-
Notifications
You must be signed in to change notification settings - Fork 694
Description
I want to ask a question about the time-consuming of opus_decode
after compiling on the Mac & iOS platform.

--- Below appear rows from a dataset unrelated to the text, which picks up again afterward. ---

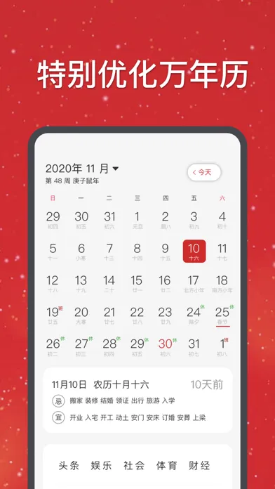 农历万年历是针对中国农历特别优化的本地万年历应用。
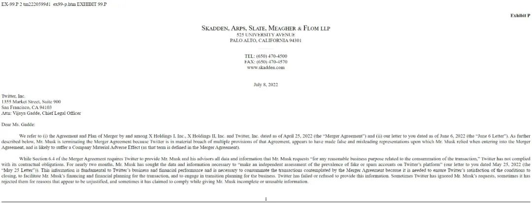 「马斯克正在终止收购协议,因为 Twitter 严重违反了该协议的多项条款,似乎做出了马斯克在签订协议时所依赖的虚假和误导性陈述,并可能遭受公司重大不利影响。」7 月 8 日,一份递交给美国证券交易委员会(SEC)的文件显示,伊隆 · 马斯克正试图退出以 440 亿美元收购 Twitter 的协议。
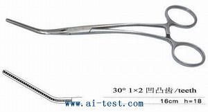 無(wú)損傷阻斷鉗;16cm 角彎 30°×18 1×2齒;品牌:中國(guó)。 |
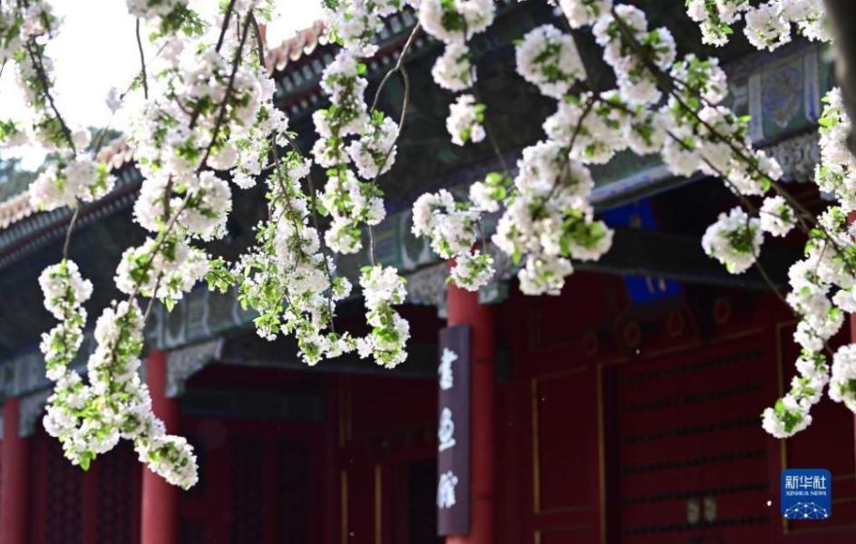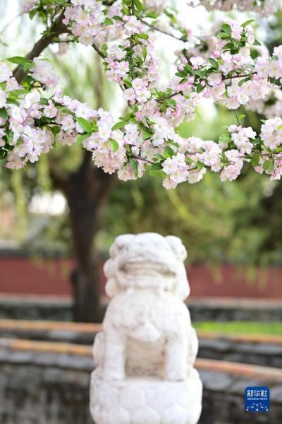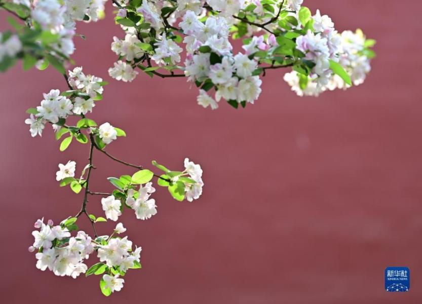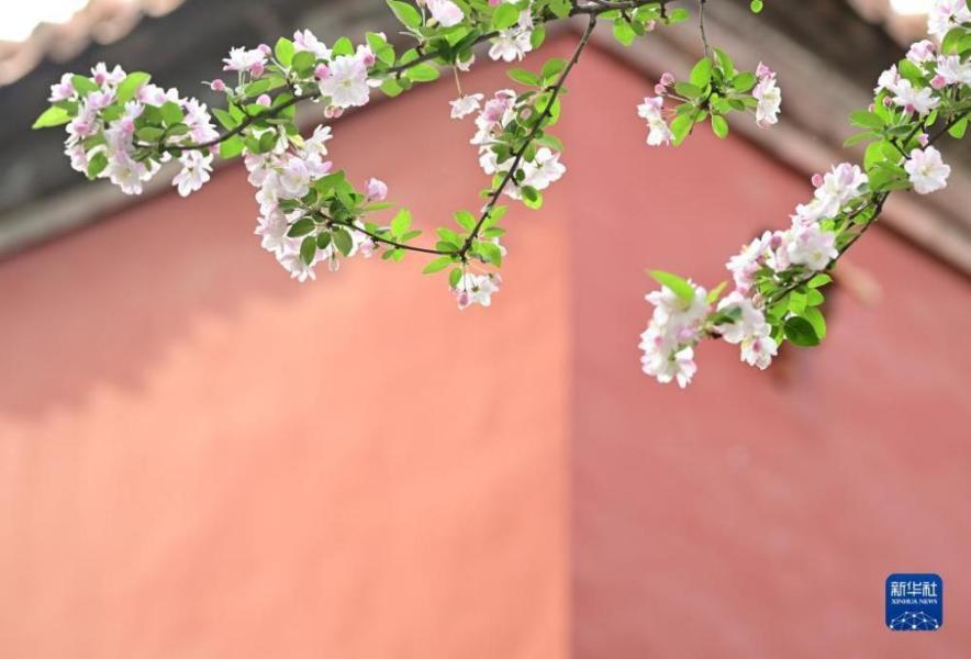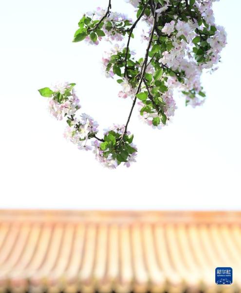 4月13日在北京故宫博物院拍摄的海棠花。近日,北京故宫博物院内的海棠花竞相绽放,芳香四溢。 新华社记者 尹栋逊 摄

Arm neon inference is in the existing code (vec_neon.h). I measured the time consumption of running opus_demo(with compiling --enable_deep_plc) on a mac m3pro laptop for the opus_decode
function(only happens when losing the packet), and the average time consumption is about 0.3ms, while on an iOS device (iphone12pro max) the average time is 2.5ms, and the peak time is 7ms (only 1.5ms for without enable_deep_plc). Both are on the Release mode.
I've already used FARGAN. I add the -march=armv8.2-a+dotprod
option.
Has anybody ever measure the time of using dnn network online?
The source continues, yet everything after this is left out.